Partnerzy wspierający
KGHM Orlen Tauron
Tesla upomina się o lepsze traktowanie. Chodzi o zasady zrównoważonego rozwoju

Elon Musk ma zastrzeżenia do systemu ocen ESG. Jego firma jest oceniana tak samo jak te, które produkują samochody spalinowe

Elon Musk od kilku miesięcy publicznie krytykuje system ocen, któremu poddawane są duże przedsiębiorstwa. Chodzi o wywodzący się z Unii Europejskiej standard ESG (Environment, Social, Governance). Celem raportów ESG jest pokazywanie światu i inwestorom, do jakiego stopnia firma rozwija się w zrównoważony sposób. Wskaźniki pozwalają oceniać wpływ działalności firm na środowisko i społeczeństwo.

Na razie ocenie ESG poddawane są największe spółki giełdowe. Niebawem system będzie rozszerzany także na inne przedsiębiorstwa, również te nienotowane na giełdzie. Tesla swój raport dotyczący wpływu na środowisko za 2021 rok opublikowała 5 maja br. Umieściła w nim ciekawe postulaty.

Przeczytaj też: Volkswagen wyprzedał wszystkie samochody elektryczne na ten rok

Musk uważa, że obecnie działający system oceny zrównoważonego rozwoju firm jest wadliwy. Bloomberg przywołuje jego wypowiedź dotyczącą konieczności zmiany fundamentów ocen tak, by to indywidualni inwestorzy byli w stanie rzetelnie ocenić, czy firma podejmuje działania na rzecz środowiska, czy też nie. Tesla zauważa w swoim raporcie rocznym, że obecny system jest dziurawy. Dlaczego?

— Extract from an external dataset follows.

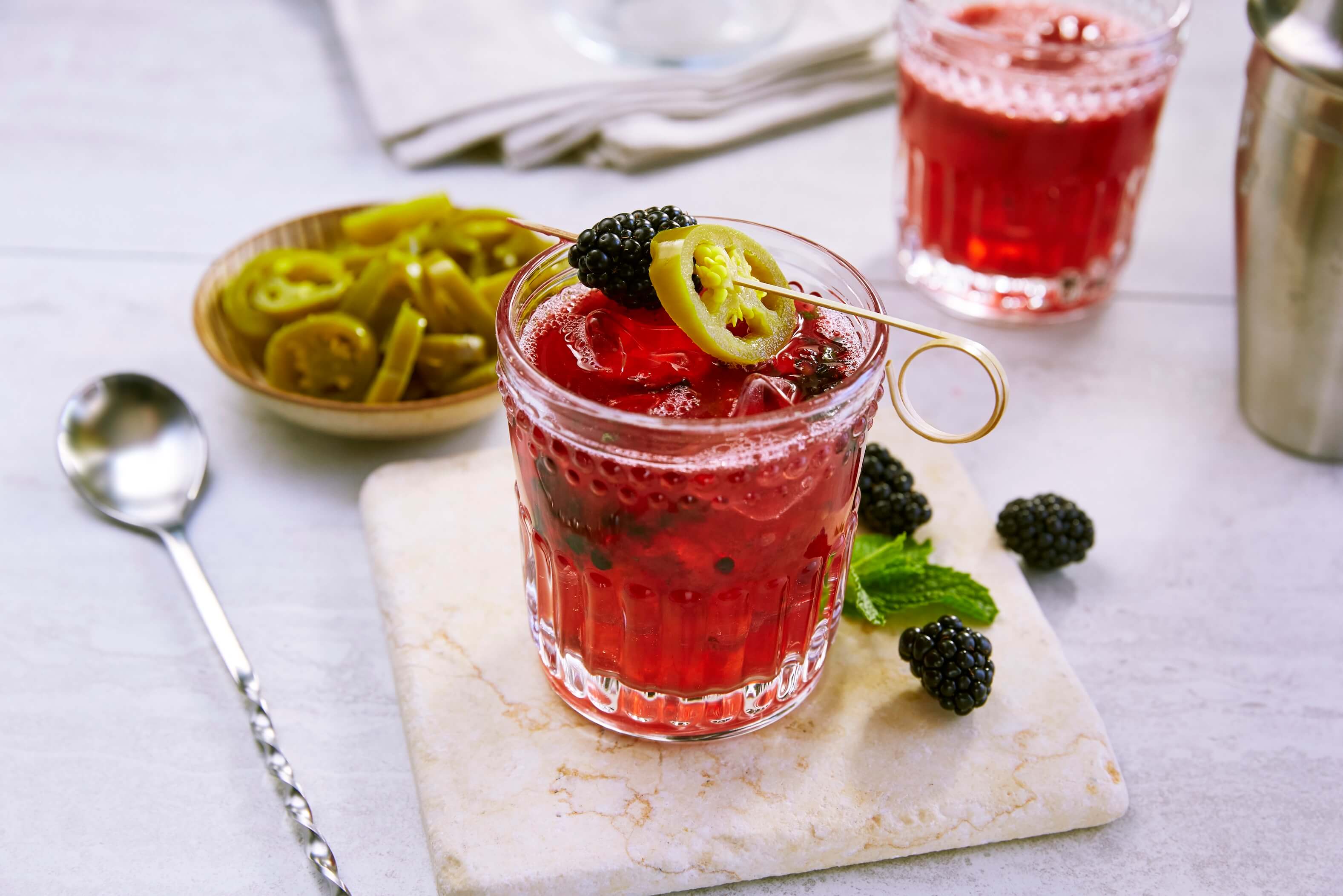 Blackberries and fragrant mint are muddled with our Mezzetta® Sliced Tamed Jalapeños to create the perfect summer cocktail with just the right amount of sweetness and heat. Try it tonight for a smash sensation.

Przeczytaj też: W Norwegii zarejestrowano już ponad pół miliona samochodów elektrycznych

Producenci samochodów spalinowych nie tracą w całościowych ocenach, mimo że produkują pojazdy wykorzystujące paliwa kopalne. Zdaniem szefa Tesli skutek jest taki, że tradycyjne koncerny motoryzacyjne uzyskują wysokie oceny ESG przy niewielkim wysiłku wkładanym w redukcję wpływu na klimat.

Amerykański producent aut elektrycznych przypomina, że większość emisji z pojazdów spalinowych generowana jest podczas ich eksploatacji, kiedy kierowcy siadają za kółkiem i tankują samochody na stacjach benzynowych. Tego raporty ESG nie uwzględniają.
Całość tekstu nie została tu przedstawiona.